Thursday, September 23, 2010

Summer

The Summer of my Childhood


Get up! The cows are out! The cows are out!
So much for my stolen solitude; hidden in the recesses of the farm house or the hay loft. A few golden, precious minutes... gone for today.

We all run out like firemen to a rescue, responding to the air of emergency, jumping into our boots, although complaining and groaning. Snapped to attention and organized for the event ahead. The cows are out!

Back when I was seven, when haying was a glorious, fun-filled experience. Riding on top of the wagon, when it was new – watching the strapping sixteen-year-old hired boys, muscles glistening under a sheen of sweat and hay seeds. When I was sixteen myself, and able to heft a bale to the top of the wagon, the hired boys long gone, the job of haying less a romantic venture and just sheer, hard work.

Most of the time, hay fever kept me out of the fields and in the kitchen – relief- although not so much. Picking and freezing broccoli, miles of it spread along the counter. Sometimes the neighbors stopped on their way down the hill and took us off to the pool, my mother reluctantly letting us go. By brother, seething, and rightfully so, watched from the tractor seat as we sped away in the neighbor's Volkswagen bus. We paid later in blood, sweat and tears.
Long days, long hours, lots of complaining, followed by a precious half-hour at the swimming hole before dinner – if the work was done in time. More stolen solitude, sometimes with a book at the top of a tree or the barn roof, always waiting, waiting for my name to be called for one chore or another.

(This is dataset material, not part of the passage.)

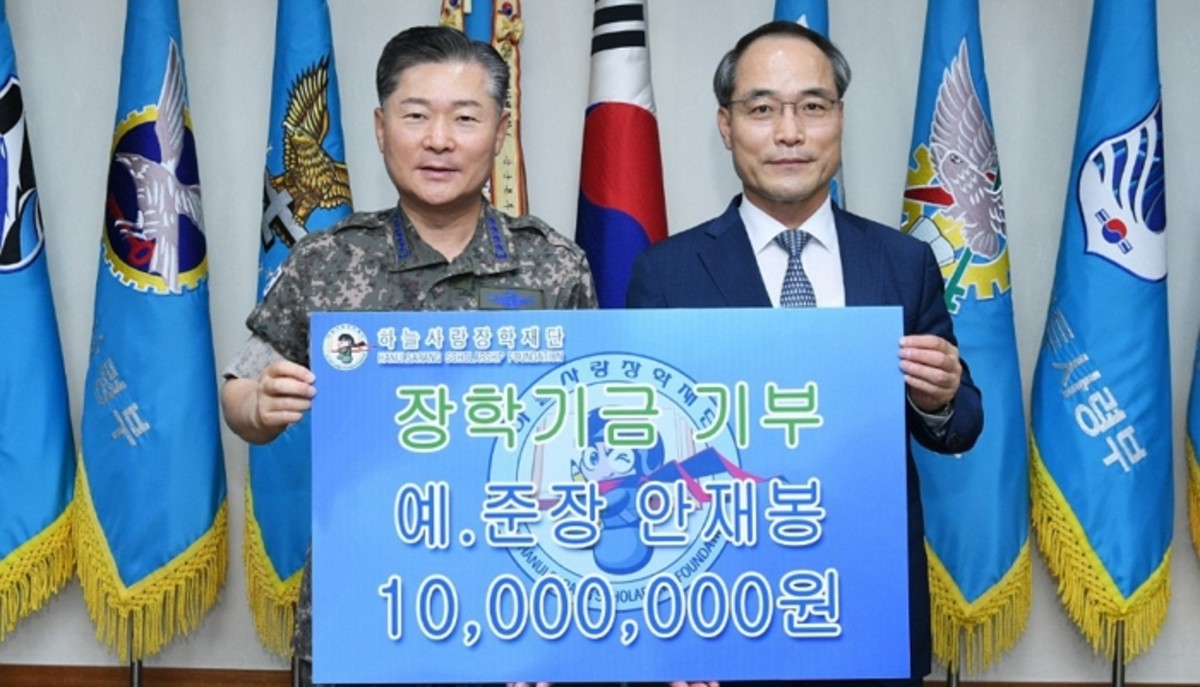 한편, '하늘사랑 장학 재단'은 故 박광수 중위(공사 29기) 부모가 28년여간 모은 유족연금 1억 원과 조종사 2,700여 명이 자율적으로 모은 2억여 원을 기반으로 2010년 설립돼 현재까지 매년 순직 조종사 유자녀에게 장학금을 지급해 오고 있다.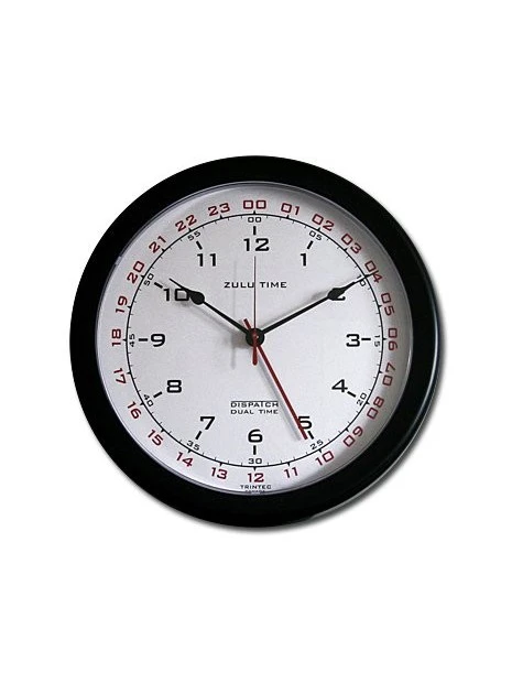 Horloge murale au design sobre avec heure UTC. Cadran blanc.

Anne of Green Gables my most negative influence, along with Pipi Longstocking. Anne inspired me to walk the ridge-pole, Pippi to pick up our pony (at least I am told).
Ah, the pony. The wild little pony who used to take me galloping up the road and throw me off on the way back down. Later I learned always to walk down and run up.

My sister and I used to put on old dresses and pretend to be the Ingalls girls, running by the banks of the creek, and driving our wagon which was a large gray rock.

When weeding the garden or scrubbing oven racks, she and I used to pretend we were indentured servants, my mother the domineering land owner.